Нет! Пусть судят тебя за твое, но разве виноват ты, что шла война, что был голод?

— Не виноват, — слышишь ты. — Вы ни в чем не виноваты. Узнав, что она упустила время, как вы говорите, вы и тут пришли ей на помощь.


Понимает ли она, о чем ты толкуешь, или хотя бы слышит тебя? Непроницаемое лицо, руки безвольно лежат на коленях, и сиреневая кофточка, больше не придерживаемая ею, вот-вот спадет с плеч… Ты посоветуешься с сестрой, двоюродной, той самой, что собирает книги, ты еще слегка прохаживался на ее счет, но, в общем, она отличная женщина, она поможет, через два часа все станет известно. К двенадцати ей в музыкальную школу, ты ей позвонишь туда или даже зайдешь. Во сколько она кончает сегодня? В пять?

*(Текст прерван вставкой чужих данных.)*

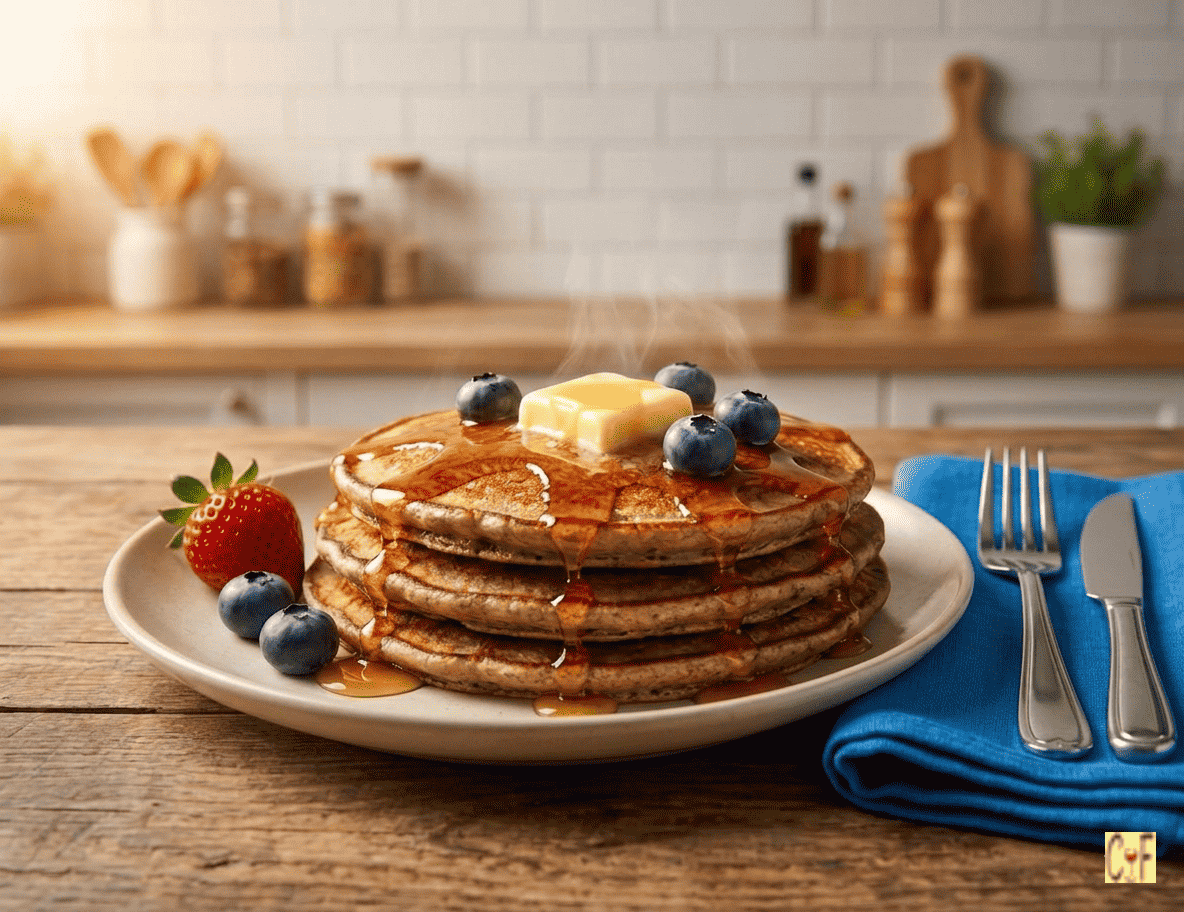 With a nutty and earthy flavor in the background, these Buckwheat Pancakes are a delicious change from the regular ones! Served with a dollop of butter 🧈, good quality maple syrup, and berries, this modified recipe will certainly change your mind about their taste!

Взгляд устремлен в одну точку. Ты слышишь вдруг музыку, и тебе кажется, что не тебя, а музыку слушает она. С неистребимым терпением нажимаешь клавишу. Тишина…

— Фаина! — зовешь ты.

Что-то проходит по ее застывшему лицу, некая тень, бесполезное усилие отозваться. Но тебе не надо ответа, главное — что она слышит тебя, и ты с новым воодушевлением рассказываешь о сестре, о ее муже (при чем тут муж!), она мировая баба, на нее можно положиться, она все сделает, ей и объяснять долго не придется — поймет с полуслова.


— Странные вопросики тебя интересуют! — Игривое одобрение сквозило в любопытстве, с которым вперились в тебя серые живые глазки.

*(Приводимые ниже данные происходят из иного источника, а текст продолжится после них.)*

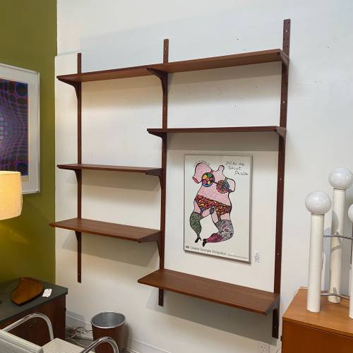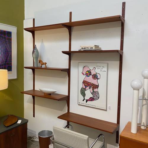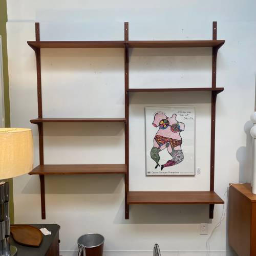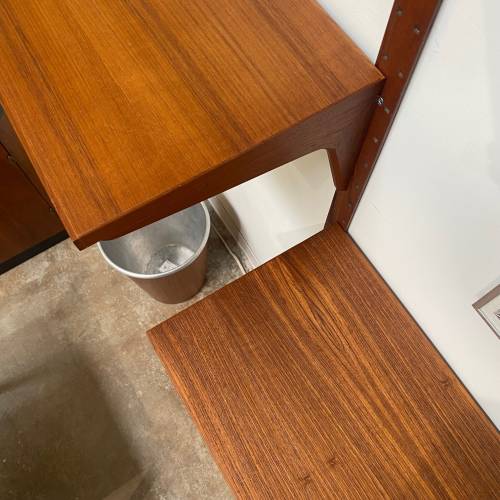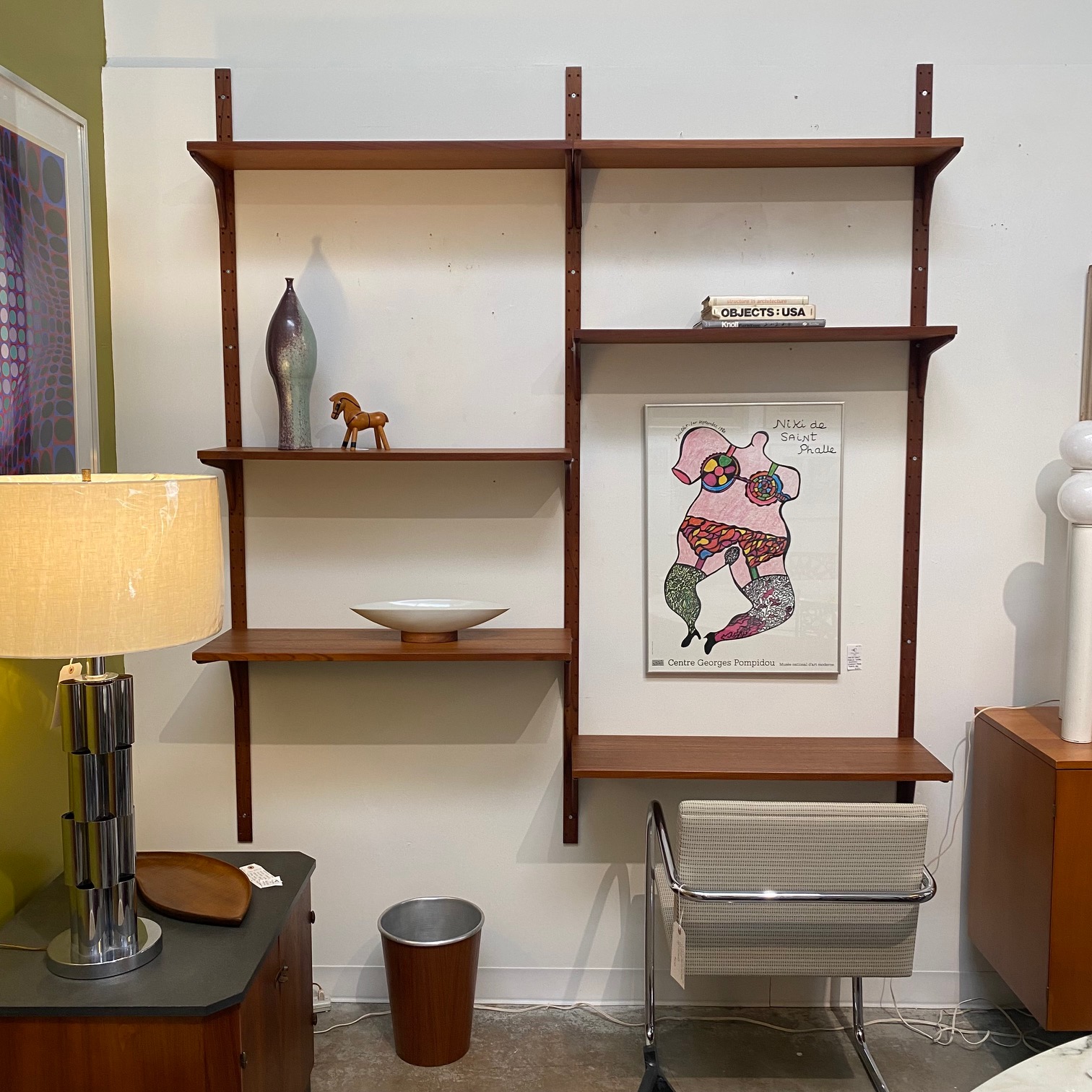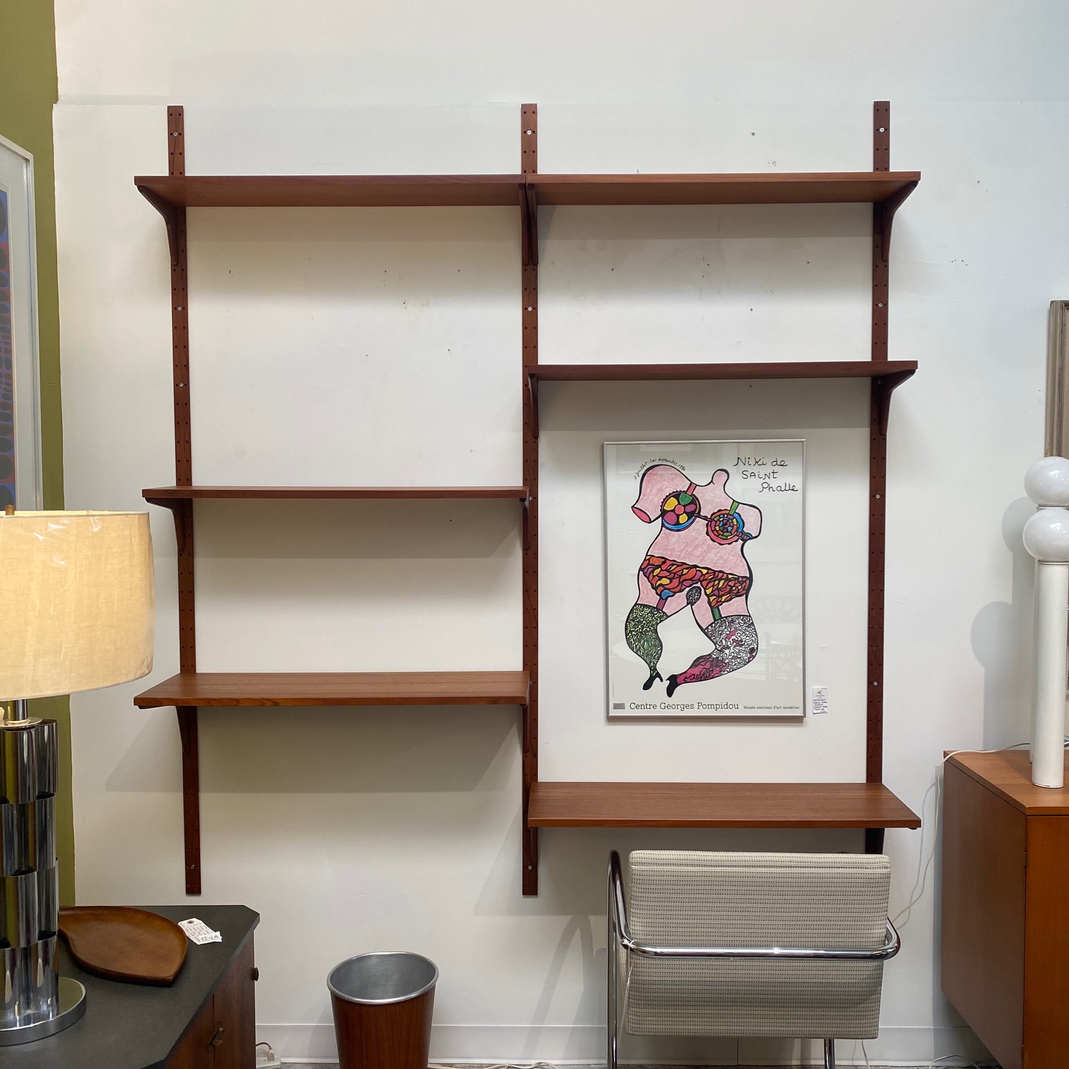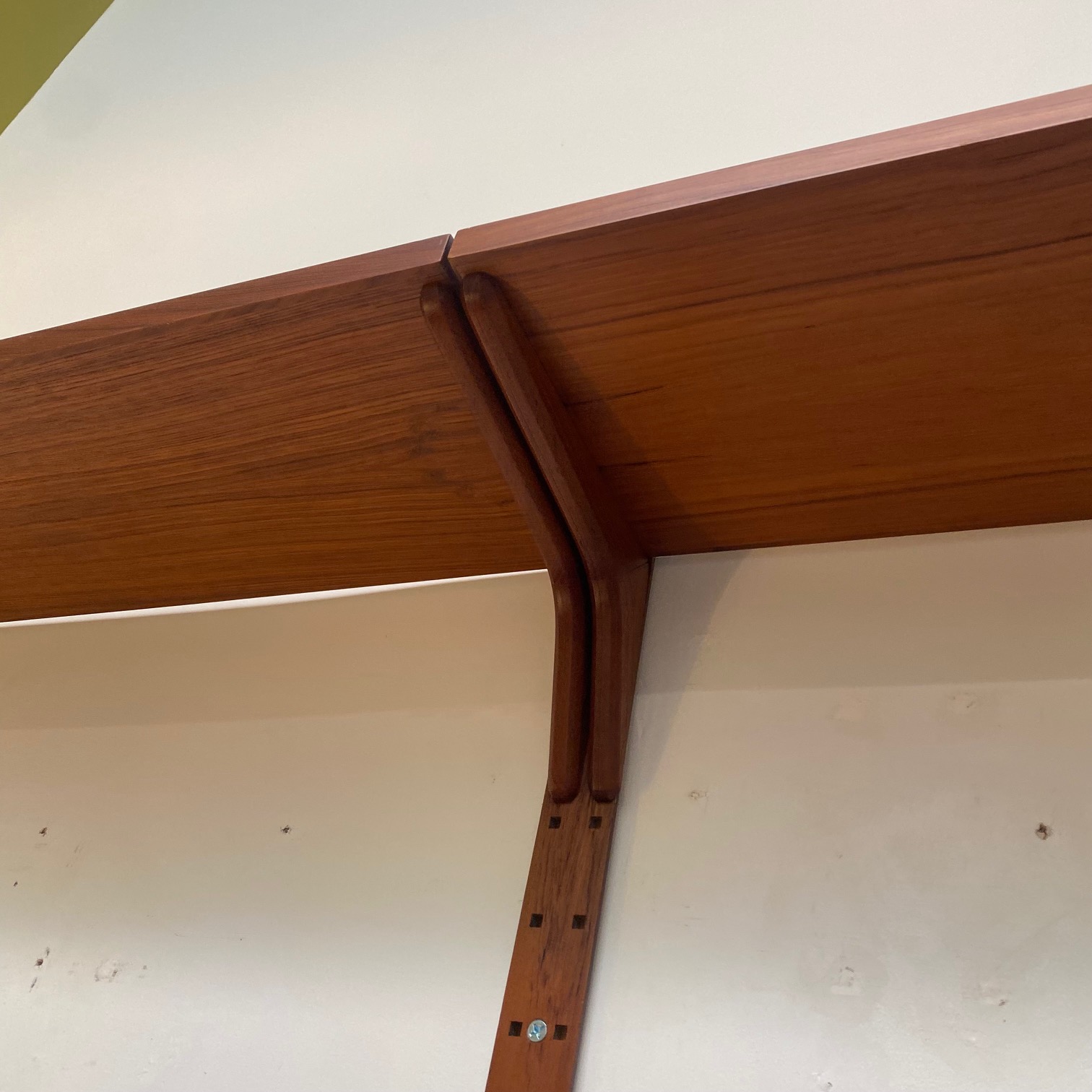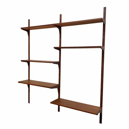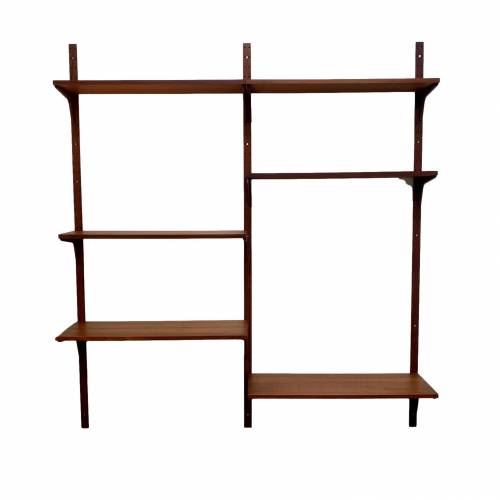 1960s modular two bay teak wall unit by HG (Hansen and Guldborg), Denmark. This fully adjustable unit can easily be arranged in multiple configurations.

Ни в какого светопольского приятеля, которому якобы потребовалась эта щекотливая консультация, она, разумеется, не поверила. Целебный бальзам кропил ты на кровоточащую рану, давая понять своей смышленой родственнице, что существование твоей супруги не столь уж безоблачно.

— Сколько недель-то у нее?

Ты обескураженно пожал плечами, несколько преувеличивая, как все мужчины, свою неосведомленность в делах подобного рода.

— Во всяком случае, заветный Рубикон перейден.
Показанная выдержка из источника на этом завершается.